▶ **Record extracts**
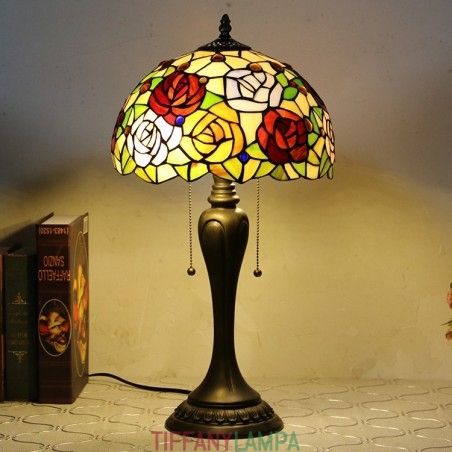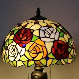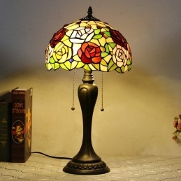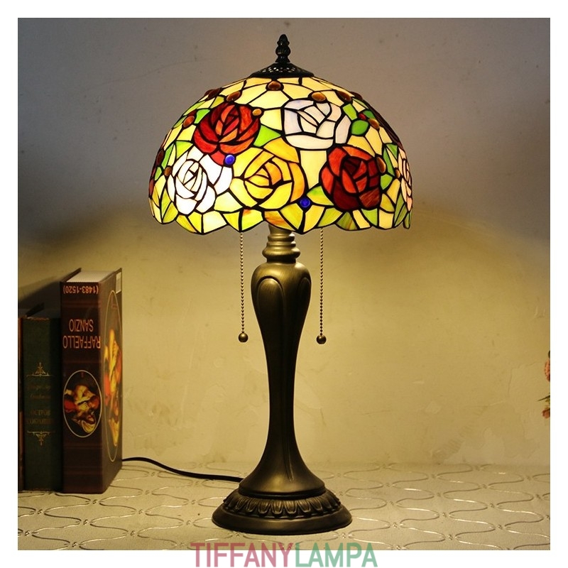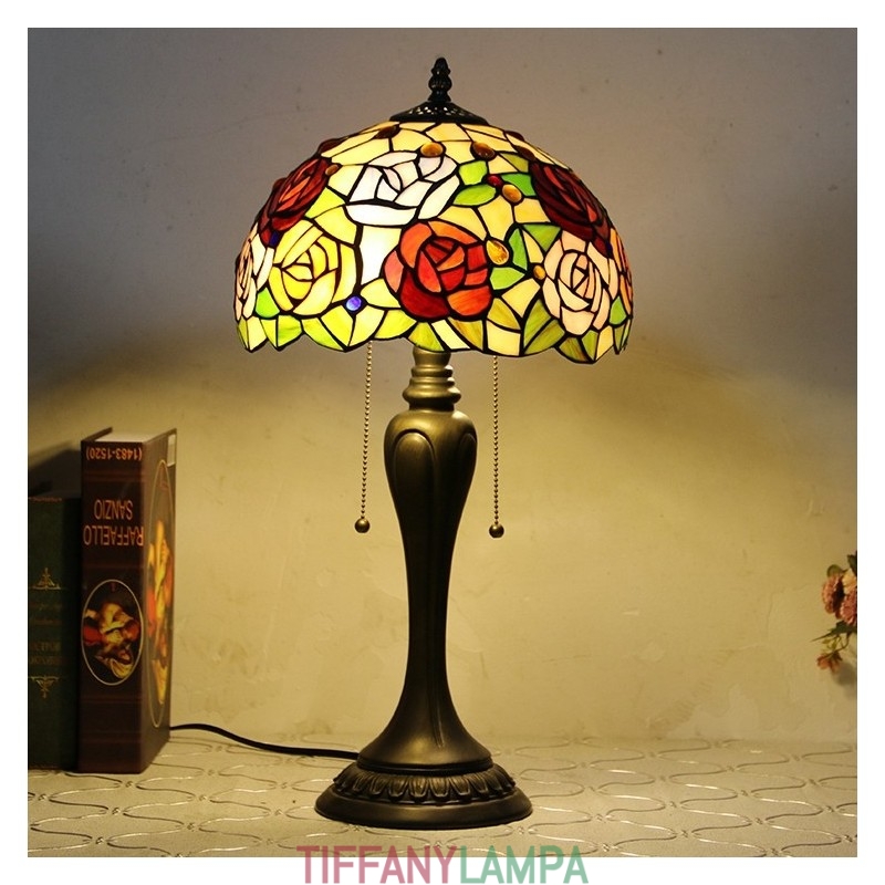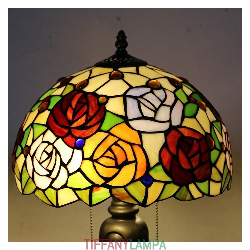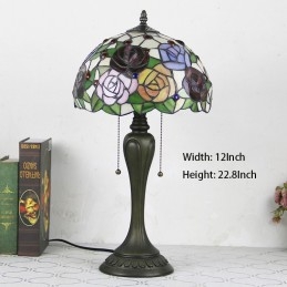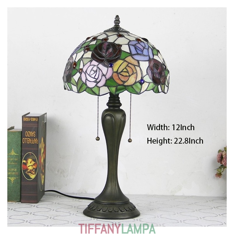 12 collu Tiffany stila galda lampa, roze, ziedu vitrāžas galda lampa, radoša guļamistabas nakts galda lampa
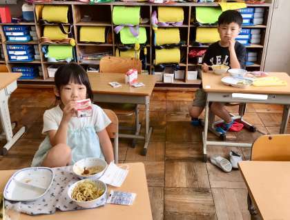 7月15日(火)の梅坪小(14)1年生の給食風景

---

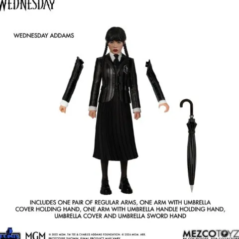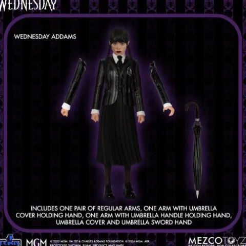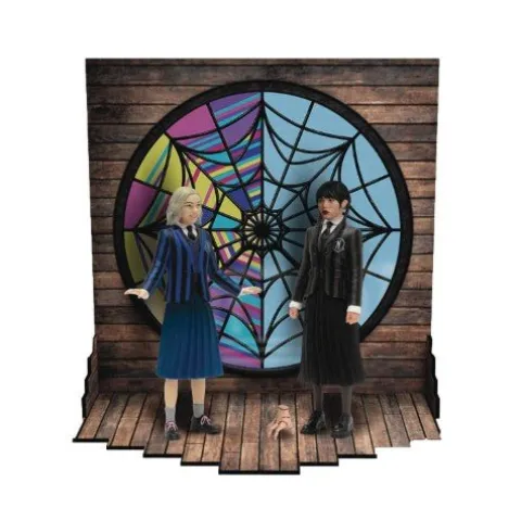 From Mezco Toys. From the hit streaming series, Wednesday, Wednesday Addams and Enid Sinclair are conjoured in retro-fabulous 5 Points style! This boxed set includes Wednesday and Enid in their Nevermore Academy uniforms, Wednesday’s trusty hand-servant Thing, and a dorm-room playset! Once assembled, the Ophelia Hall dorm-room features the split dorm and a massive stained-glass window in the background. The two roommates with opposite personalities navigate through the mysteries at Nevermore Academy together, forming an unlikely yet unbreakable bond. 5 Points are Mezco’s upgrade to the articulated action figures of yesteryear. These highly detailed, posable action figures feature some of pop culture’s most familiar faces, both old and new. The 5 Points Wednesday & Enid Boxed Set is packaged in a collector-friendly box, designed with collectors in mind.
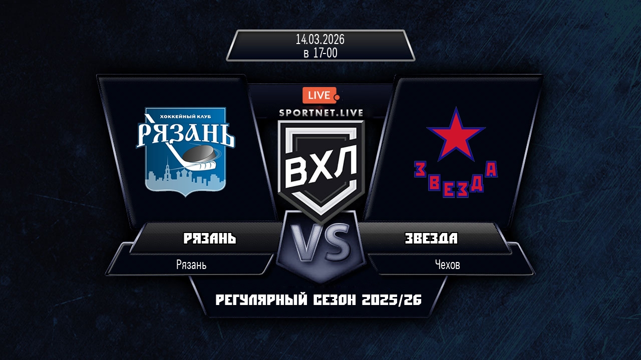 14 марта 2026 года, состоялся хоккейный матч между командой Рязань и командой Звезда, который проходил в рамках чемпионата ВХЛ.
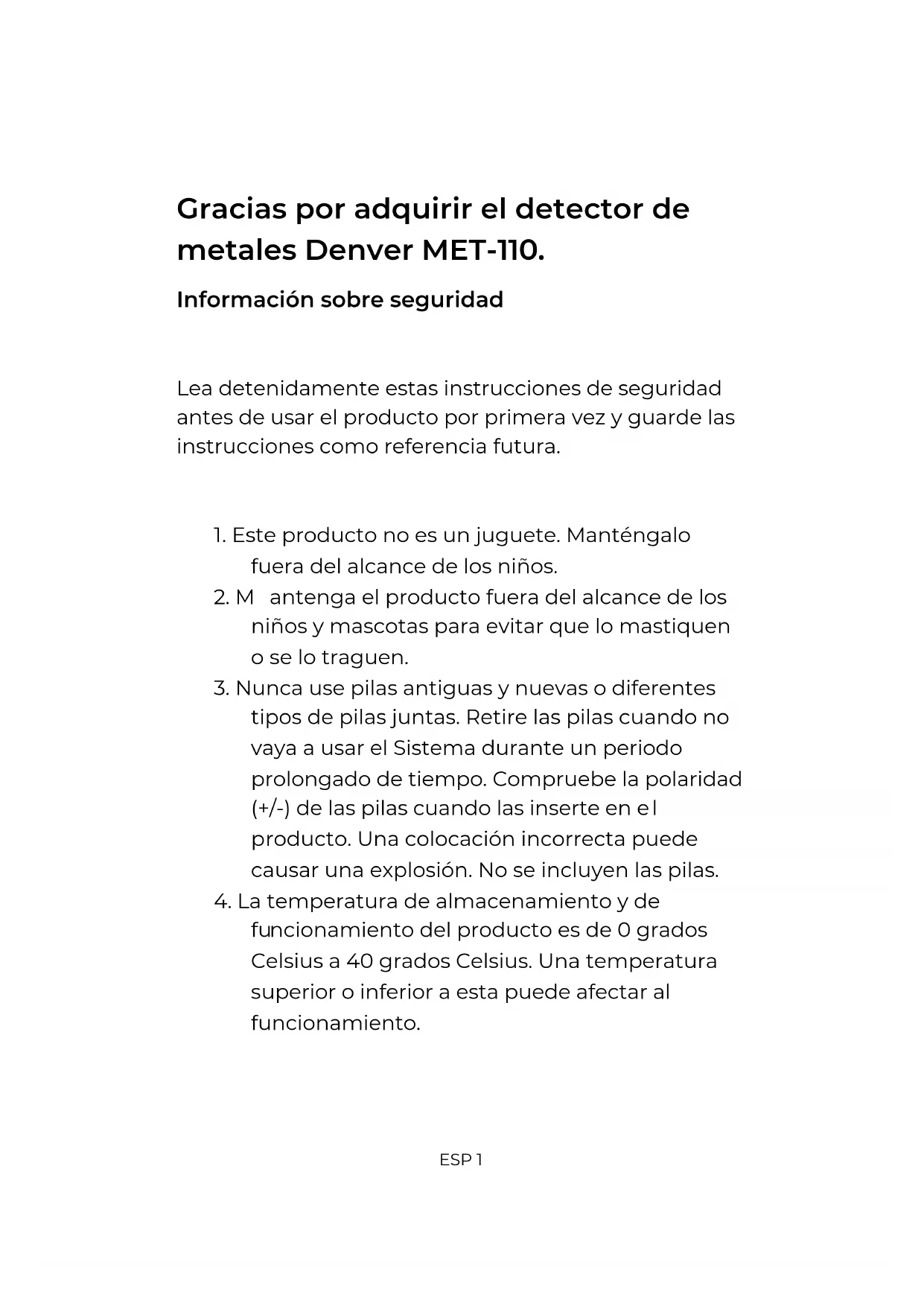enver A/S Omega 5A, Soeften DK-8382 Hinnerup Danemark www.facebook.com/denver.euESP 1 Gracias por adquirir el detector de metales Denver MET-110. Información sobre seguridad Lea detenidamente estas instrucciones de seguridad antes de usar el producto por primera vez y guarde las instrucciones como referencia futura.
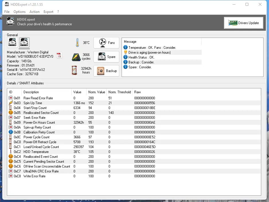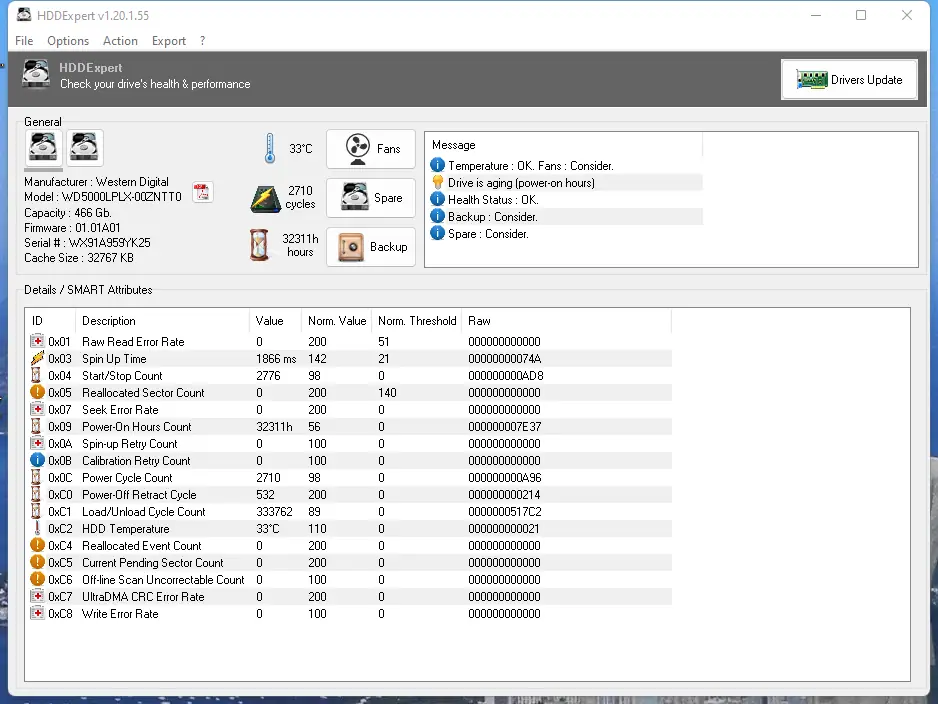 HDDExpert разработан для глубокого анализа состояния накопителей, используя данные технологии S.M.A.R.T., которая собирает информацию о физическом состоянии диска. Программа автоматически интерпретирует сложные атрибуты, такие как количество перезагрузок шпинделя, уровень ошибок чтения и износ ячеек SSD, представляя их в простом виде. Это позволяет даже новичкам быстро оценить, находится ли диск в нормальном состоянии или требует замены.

▶ **About this exercise**
Look above for the line with "12 collu Tiffany stila" and the line with "7月15日(火)の梅坪小(14)1年生の給食風景"; set down those two lines and all lines between them exactly, without pictures and without anything else.

▶ **Written solution**
 12 collu Tiffany stila galda lampa, roze, ziedu vitrāžas galda lampa, radoša guļamistabas nakts galda lampa
 7月15日(火)の梅坪小(14)1年生の給食風景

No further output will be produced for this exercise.